Additionally, results of this investigation demonstrated greater algicidal activity by immobilized Shewanella sp. IRI-160 against K. veneficum compared to P. minimum at the highest concentration of 10⁸cells mL⁻¹(FIG. 2; FIG. 6A-B; Table 2). The specific growth rates of K. veneficum treated with 10⁸cells mL⁻¹immobilized and free-living bacteria were negative over 6 days, while the specific growth rates of P. minimum were positive in the same treatments (FIG. 2). Furthermore, during the entire experiment period, in vivo fluorescence of K. veneficum treated with 10⁸cells mL⁻¹immobilized bacteria was less than 16% of that of controls, while in vivo fluorescence of the same treatments of P. minimum did not fall below 44% of controls (FIG. 6; Table 2). Immobilized Shewanella sp. IRI-160 at lower concentrations (10⁶and 10⁷cells mL⁻¹), however, had negative impacts on P. minimum but not K. veneficum. Overall, this indicates a varied response of dinoflagellates to immobilized Shewanella sp. IRI-160 at different densities, as well as a species-specific response of dinoflagellates to these immobilized bacteria. The higher algicidal activity of Shewanella sp. IRI-160 against K. veneficum compared to P. minimum was consistent with previous research indicating non-thecate dinoflagellates (e.g. K. veneficum, L. fissa, and Karenia brevis) were more susceptible to the algicide produced by Shewanella sp. IRI-160 compared to thecate dinoflagellates (e.g. P. minimum, Alexandrium tamarense, and Oxyrrhis marina). Species-specific responses to algicidal bacteria have also been described in other research. Cells of diatom Skeletonema costatum, for instance, were lysed within hours by the treatment of algicidal bacterium Kordia algicida, while diatom Chaetoceros didymus was not affected by the same treatment.

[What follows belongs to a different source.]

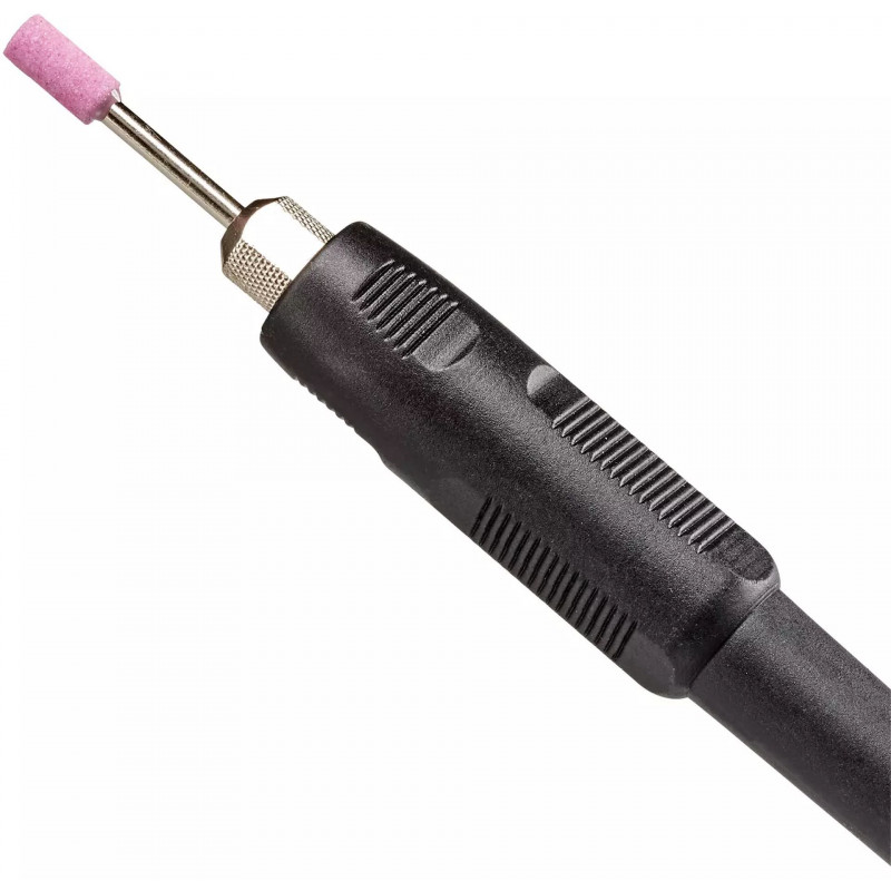 Le touret a meuler TC-XG 75 Kit Einhell est un outil flexible permettant d’affuter des outils tres divers : des forets et fraises aux accessoires de coupe et burins, en passant par les ciseaux, couteaux et lames. L’arbre porte-meules flexible permet des travaux de grande précision. En outre, la vitesse peut etre adaptée en fonction de l'utilisation. Grâce au jeu complet d’accessoires compris dans le kit Einhell, le touret a meuler permet de réaliser facilement et en toute sécurité des travaux de découpe, de nettoyage, de polissage et de meulage. Quatre patins en caoutchouc anti-vibration assurent une bonne stabilité. Les supports de travail ajustables permettent d’adapter le touret a meuler sans effort pour différentes applications. Les pare-étincelles ajustables se reglent sans outil. Le bâti métallique compact et robuste garantit une longue durée de vie. Grâce a son arbre porte-meules monté sur roulement a billes, le touret a meuler fonctionne sans jeu pour un travail précis. Le capot de protection fermé sur le côté permet en outre une utilisation en toute sécurité.

It was reported that the algicidal activity of bacterium Pseudomonas fluorescens HYK0210-5K09 against diatom Stephanodiscus hantzschii was lower when immobilized to alginate beads compared to the bacteria immobilized to polyester and cellulose sponge, or the free-living bacteria. It was also demonstrated that immobilization to alginate beads lowered the activity of algicidal bacterium Alcaligenes aquatilis F8 against cyanobacterium Microcystis aeruginosa. In the research presented here, however, there was only a slight difference (by 1.18 times) in specific rates between K. veneficum treated with free-living bacteria and bacteria immobilized in alginate beads at the same density, and no difference was observed between the same treatments of P. minimum (FIG. 2). This may be due to distinct algicidal mechanisms of these bacteria (e.g. Shewanella sp. IRI-160 vs. P. fluorescens HYK0210-5K09), or due to characteristics of the algicidal compounds produced by each species of bacteria. As noted, immobilization to alginate beads may physically separate algicidal bacteria from and limit their opportunities for direct contact with their target. Other research demonstrated that attachment of P. fluorescens HYK0210-5K09 to diatoms was required for cell lysis, while studies indicated direct contact was not required by Shewanella sp. IRI-160 to control dinoflagellate growth. Furthermore, the algicidal compounds produced by Shewanella sp. IRI-160 are likely to be small polar and water-soluble, so that the dispersion of these compounds may not be limited by the alginate matrix.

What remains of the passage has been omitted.